Tuesday, January 18, 2011

Yes, we have no bananas...we've got a lover-ley bunch of coconuts....'ave a banana,

We FINALLY have an answer.
Do you know how fecking relieved we feel to have an answer, a label, a name, an actual diagnosis, instead of that vague "maybe hormones, maybe teen angst" blah blah tossed to us like crumbs?
Do you know how abso-fecking-lutely lighter our shoulders feel, knowing we did nothing, nothing at all to cause these problems?
Oh, it doesn't matter that I know I didn't drink or do drugs or live a wild life or anything while pregnant, and his father has often asked if he did something wrong or could or should have done something to make things different.
We are his parents, it is always at the backs of our minds (no matter how many others are diagnosed with Autism) that we must have done something or should have done something different or put our shirts on in a different fashion or had bad Feng Shui in our home or ....whatever.
The answer is.....drum roll, please......
Episodic Dyscontrol Syndrome aka Intermittent Explosive Disorder.
Go on, go gurgle it.

No, I did not do crack cocaine or drink alcohol or swing from chandeliers when pregnant; I had high blood pressure, worked full-time until the placenta previa was discovered (the placenta was covering my cervix, no emergency exit that way), enough fluid retention to call off the drought and was so bored on strict bedrest that I even read the fine print on those dinky Franklin Mint offers.

And at 16 weeks I lost Aspie teen's twin.
Didn't know there were twins until after the fact, lost him/her on THE weekend all freakin' radiologists were out on strike (cos a potential miscarriage is not considered an emergency. huh) so we had to wait til Monday to discover the Aspie fetus was waving his bungee cord about still, that there was an empty sac beside him and there was another egg propped at the end of my fallopian tube waiting to get rubbed up the right way by the Spouse's swimmers.
The GP was very insistent "Please, don't have sex for awhile!"
I've followed his instructions to the letter ever since....

Anywho, the kidlet was born via caesarian, was whipped off to the neo-natal unit, yada, yada, yada, the rest is history.
So, yesterday we were told that whenever a twin dies in utero there is always some form of brain damage to the surviving twin, even if it is unable to be detected by an MRI.
Which is the most likely cause of his frontal lobe not working properly (ADHD, behaviour control, Tourette's, Autism, etc).
And the push off the trampoline 2 years ago may be the straw that broke the camels back with yet another insult to his frontal lobe, triggering the Episodic Dyscontrol.
So, we wait for the appointment for the MRI and further genetic testing (as it's been almost 10 years since our last lot of genetic tests and massive progress has been made since then).
Not that there actually is anything we can do; we can't stop it or change Aspie teen or hang him upside down from the chandelier and whistle Dixie to see if he turns into a frog.
We basically stick to the medication he's on.
And ride out the malestrom whenever it hits.
But now we know!

 *Copied and pasted from my Aspie blog, apologies for double posting to those who follow both*


  1. Far out, Jayne. But yes, at least now you know. Helluva lot of new information for me in that post of yours. Just -- wow.

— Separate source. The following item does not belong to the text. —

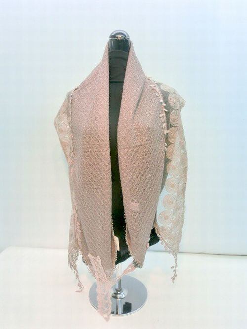 豪華な渦柄ケミカルレース&ポリエステル生地&刺繍糸コットンの異素材を組み合わせたオシャレな剣先ストールです。巻きかたで色々な秋冬のオシャレが楽しめます。

  2. Mindbolowing stuff but GOOD!!!! At least you do know! Here have a coconut and a hug from the old blog troll here

  3. Hey, congratulations! Weird as that sounds ... its GREAT to have a real name for a real condition after years of being told there's nothing wrong! I know ...

    Thanx also for the disturbing mental image that will, no doubt, stay with me through the evening - of the poor lad swinging from the chandelier while parents whistle Dixie. Gold!

  4. I need to email all this to my mum so she'll know

  5. I understand the feeling guilty part. I understand your relief at having a diagnosis. Hugs from across the sea.

  6. "Knowing is half the battle". Ok so the quote came from GI Joe (popular when my boy was young and I watched what he watched) but I've always found it useful.

    Thought I heard a sigh of relief.

  7. Thanks for sharing that as now people will have some idea what to look out for in the future should they come across similar behaviour. I thought that after one too many ales under your belt you start swinging from the chandelier.

  8. Even though it makes no difference at all, it's still nice to have a diagnosis and a name to put to the condition. At the very least you have an answer for when unfeeling busybodies ask what is wrong with him if they should view a meltdown.
    I did not know that about the twin dying thing, I wouldn't have thought one dying would affect the brain of the other. Maybe with identical twins, but not fraternal.
    I like the mental image I have now of your boy still waving his bungee cord around in there.

  9. Wow Jayne... wow. You have been through a lot - and I have learned a lot during this post.


  10. Good. Good. Very good. Keep on truckin'.